===== Records supplied
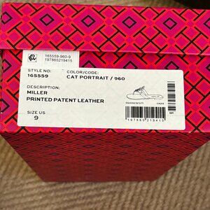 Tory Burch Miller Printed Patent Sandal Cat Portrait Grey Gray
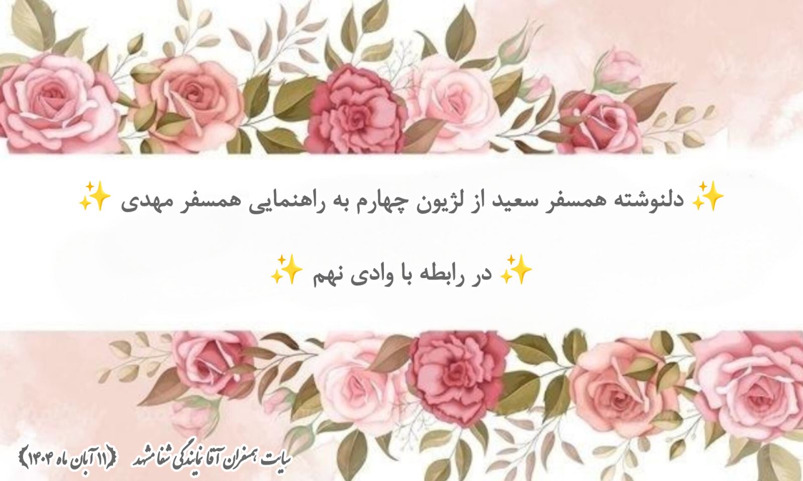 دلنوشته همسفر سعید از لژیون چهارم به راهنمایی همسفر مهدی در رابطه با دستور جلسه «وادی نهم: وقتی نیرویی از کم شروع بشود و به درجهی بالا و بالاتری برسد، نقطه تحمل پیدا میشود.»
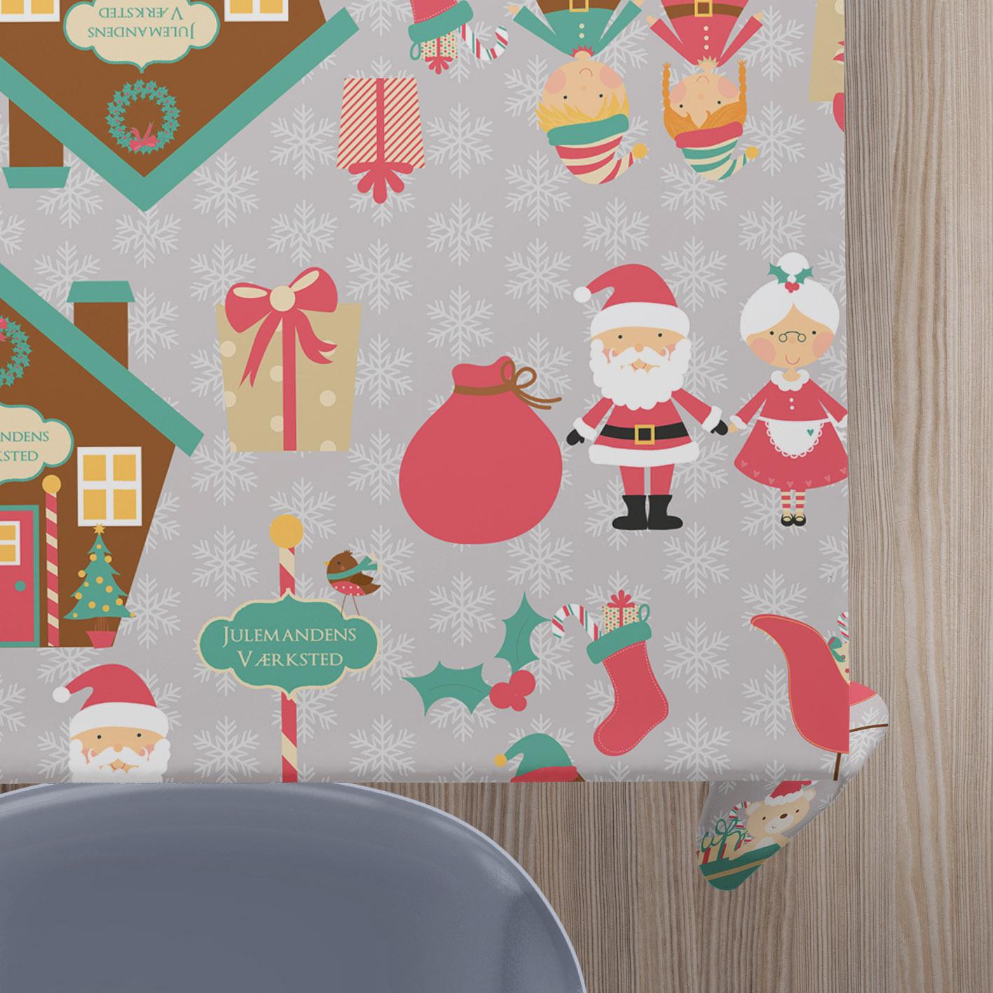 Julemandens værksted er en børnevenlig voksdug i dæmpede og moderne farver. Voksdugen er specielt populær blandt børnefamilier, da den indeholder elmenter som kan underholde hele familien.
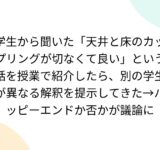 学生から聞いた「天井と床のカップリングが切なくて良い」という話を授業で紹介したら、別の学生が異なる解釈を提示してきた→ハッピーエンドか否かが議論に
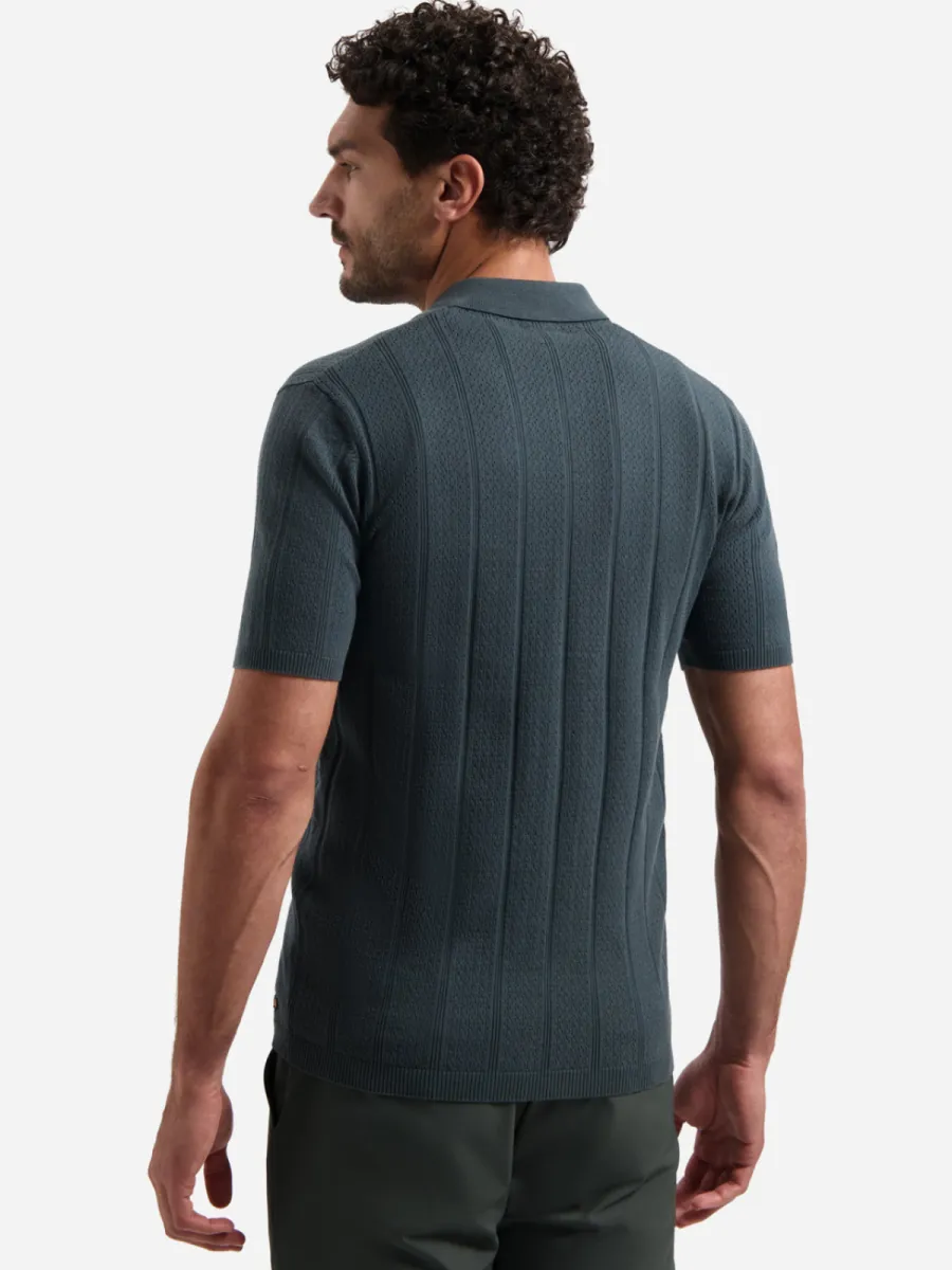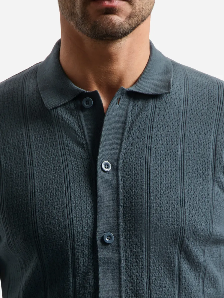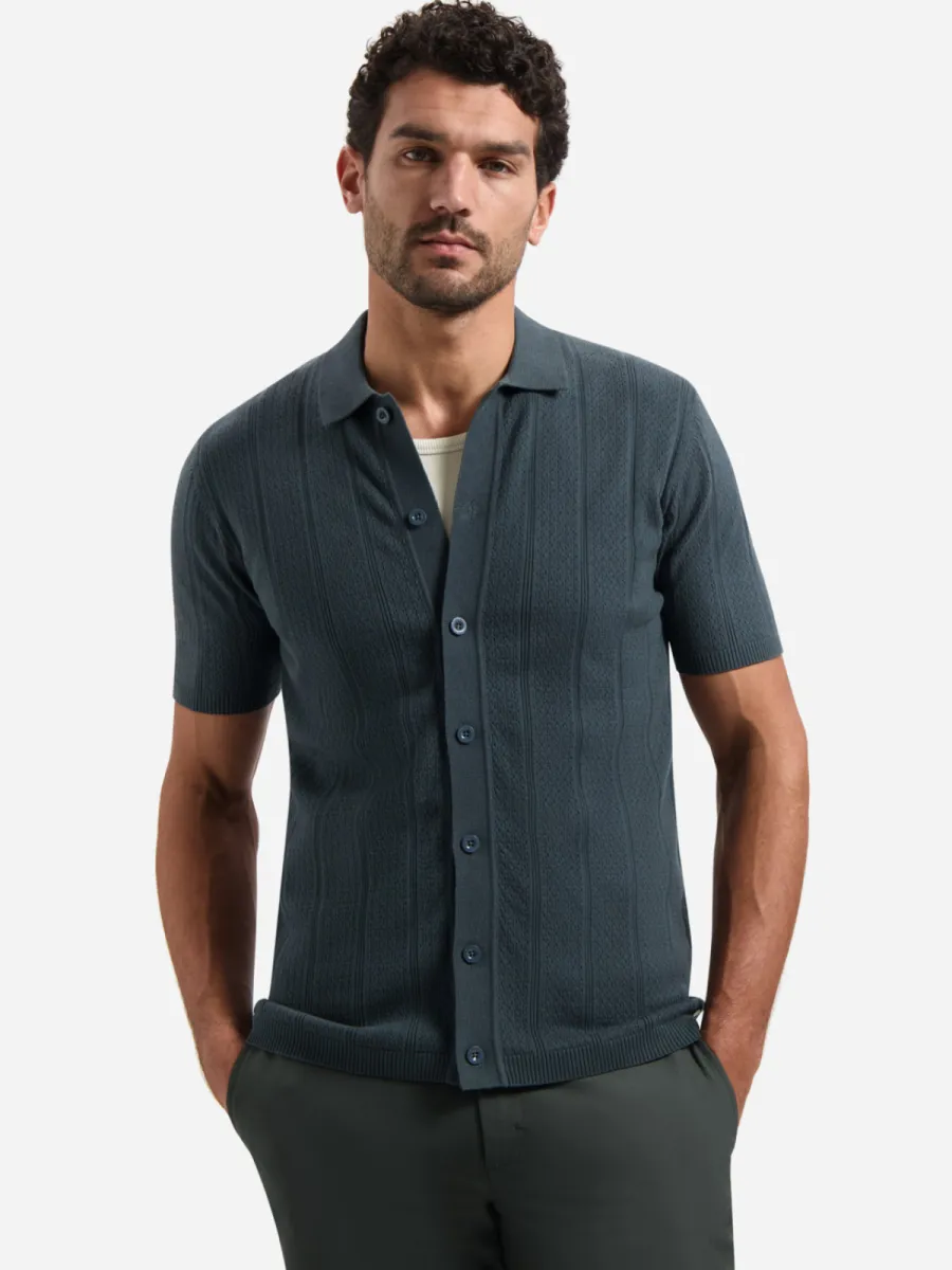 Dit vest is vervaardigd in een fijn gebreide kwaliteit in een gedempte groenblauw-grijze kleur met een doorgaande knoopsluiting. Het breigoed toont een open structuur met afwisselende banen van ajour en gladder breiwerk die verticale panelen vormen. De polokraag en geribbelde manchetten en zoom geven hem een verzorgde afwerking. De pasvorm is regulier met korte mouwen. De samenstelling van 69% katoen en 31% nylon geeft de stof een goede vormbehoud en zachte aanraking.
==========
> **Problem to solve**:
Would you please copy the listing exactly, omitting every picture?

> **Answer to this task**:
 Tory Burch Miller Printed Patent Sandal Cat Portrait Grey Gray
 دلنوشته همسفر سعید از لژیون چهارم به راهنمایی همسفر مهدی در رابطه با دستور جلسه «وادی نهم: وقتی نیرویی از کم شروع بشود و به درجهی بالا و بالاتری برسد، نقطه تحمل پیدا میشود.»
 Julemandens værksted er en børnevenlig voksdug i dæmpede og moderne farver. Voksdugen er specielt populær blandt børnefamilier, da den indeholder elmenter som kan underholde hele familien.
 学生から聞いた「天井と床のカップリングが切なくて良い」という話を授業で紹介したら、別の学生が異なる解釈を提示してきた→ハッピーエンドか否かが議論に
 Dit vest is vervaardigd in een fijn gebreide kwaliteit in een gedempte groenblauw-grijze kleur met een doorgaande knoopsluiting. Het breigoed toont een open structuur met afwisselende banen van ajour en gladder breiwerk die verticale panelen vormen. De polokraag en geribbelde manchetten en zoom geven hem een verzorgde afwerking. De pasvorm is regulier met korte mouwen. De samenstelling van 69% katoen en 31% nylon geeft de stof een goede vormbehoud en zachte aanraking.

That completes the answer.